(DATA PROVIDED Opens)
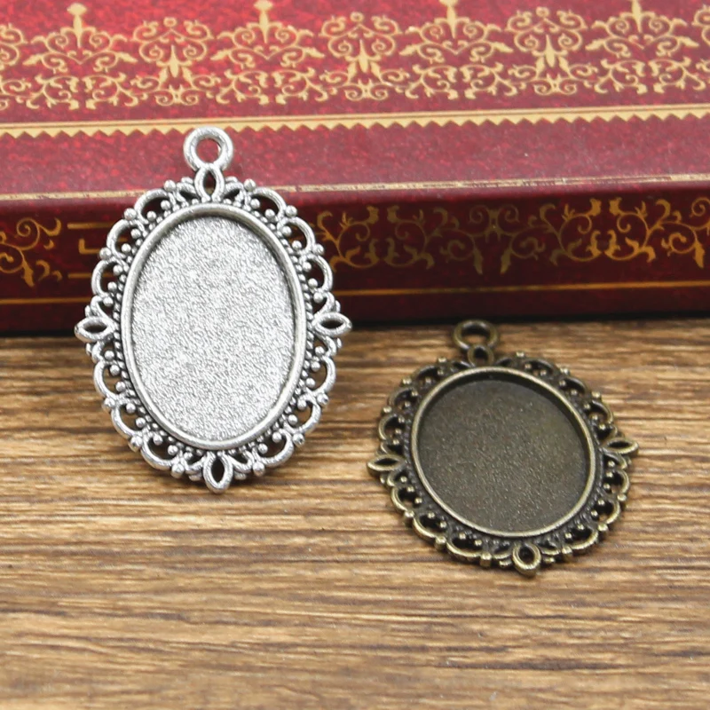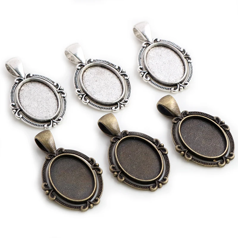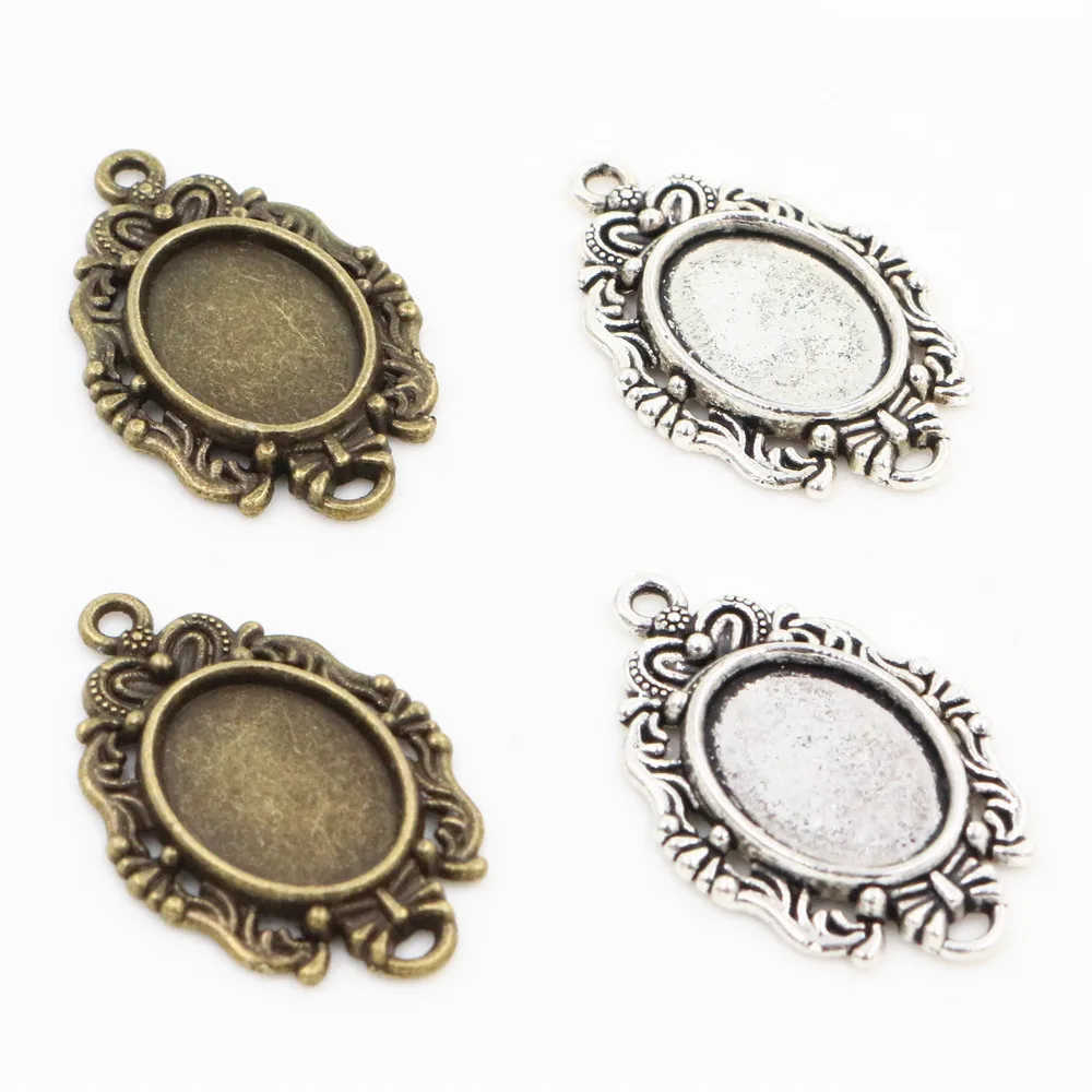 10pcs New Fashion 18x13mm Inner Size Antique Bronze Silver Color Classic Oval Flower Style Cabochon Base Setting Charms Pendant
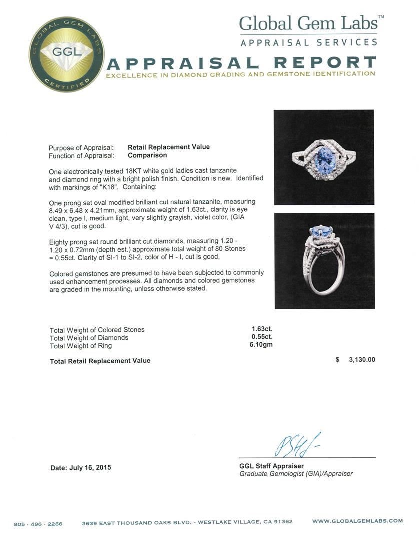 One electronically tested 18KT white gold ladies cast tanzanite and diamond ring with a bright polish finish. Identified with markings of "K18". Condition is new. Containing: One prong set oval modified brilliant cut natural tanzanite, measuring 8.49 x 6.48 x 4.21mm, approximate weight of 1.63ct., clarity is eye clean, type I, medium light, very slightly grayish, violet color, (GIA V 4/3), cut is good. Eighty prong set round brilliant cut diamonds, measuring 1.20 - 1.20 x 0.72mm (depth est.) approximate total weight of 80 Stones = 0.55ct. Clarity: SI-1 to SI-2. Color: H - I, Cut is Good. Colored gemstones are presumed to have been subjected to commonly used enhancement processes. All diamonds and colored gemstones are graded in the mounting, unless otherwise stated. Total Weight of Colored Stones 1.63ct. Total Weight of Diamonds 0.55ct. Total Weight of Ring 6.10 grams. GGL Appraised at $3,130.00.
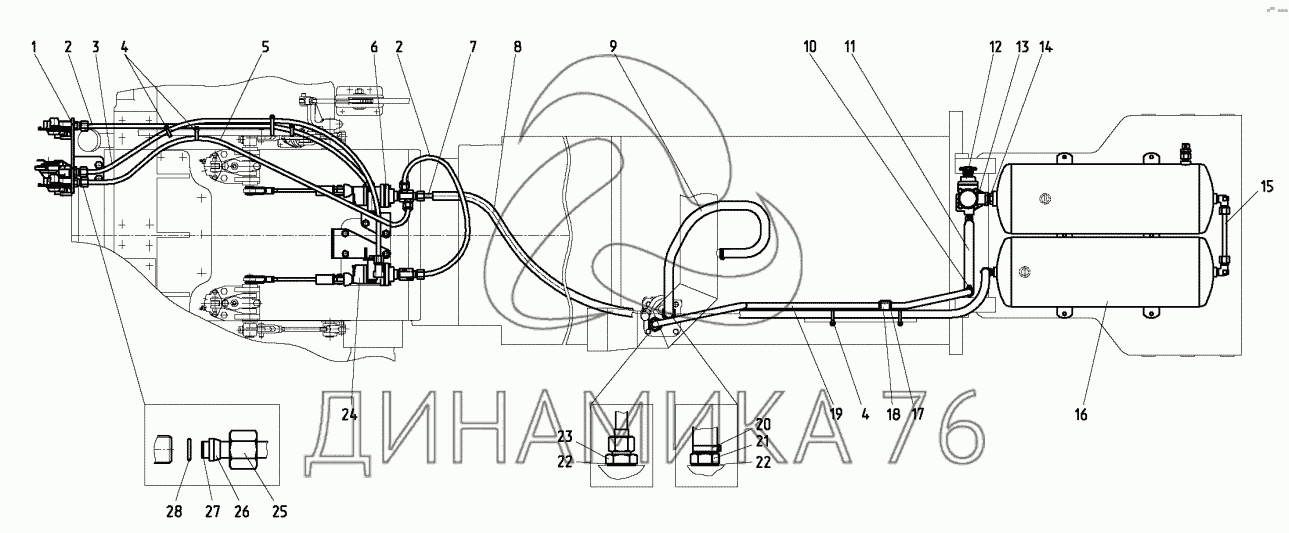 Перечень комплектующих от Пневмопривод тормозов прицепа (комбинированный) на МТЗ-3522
(DATA PROVIDED Closes)
## PROBLEM DETAILS
Every line above is to be duplicated exactly; no picture should be carried over.

## TASK OUTPUT
 10pcs New Fashion 18x13mm Inner Size Antique Bronze Silver Color Classic Oval Flower Style Cabochon Base Setting Charms Pendant
 One electronically tested 18KT white gold ladies cast tanzanite and diamond ring with a bright polish finish. Identified with markings of "K18". Condition is new. Containing: One prong set oval modified brilliant cut natural tanzanite, measuring 8.49 x 6.48 x 4.21mm, approximate weight of 1.63ct., clarity is eye clean, type I, medium light, very slightly grayish, violet color, (GIA V 4/3), cut is good. Eighty prong set round brilliant cut diamonds, measuring 1.20 - 1.20 x 0.72mm (depth est.) approximate total weight of 80 Stones = 0.55ct. Clarity: SI-1 to SI-2. Color: H - I, Cut is Good. Colored gemstones are presumed to have been subjected to commonly used enhancement processes. All diamonds and colored gemstones are graded in the mounting, unless otherwise stated. Total Weight of Colored Stones 1.63ct. Total Weight of Diamonds 0.55ct. Total Weight of Ring 6.10 grams. GGL Appraised at $3,130.00.
 Перечень комплектующих от Пневмопривод тормозов прицепа (комбинированный) на МТЗ-3522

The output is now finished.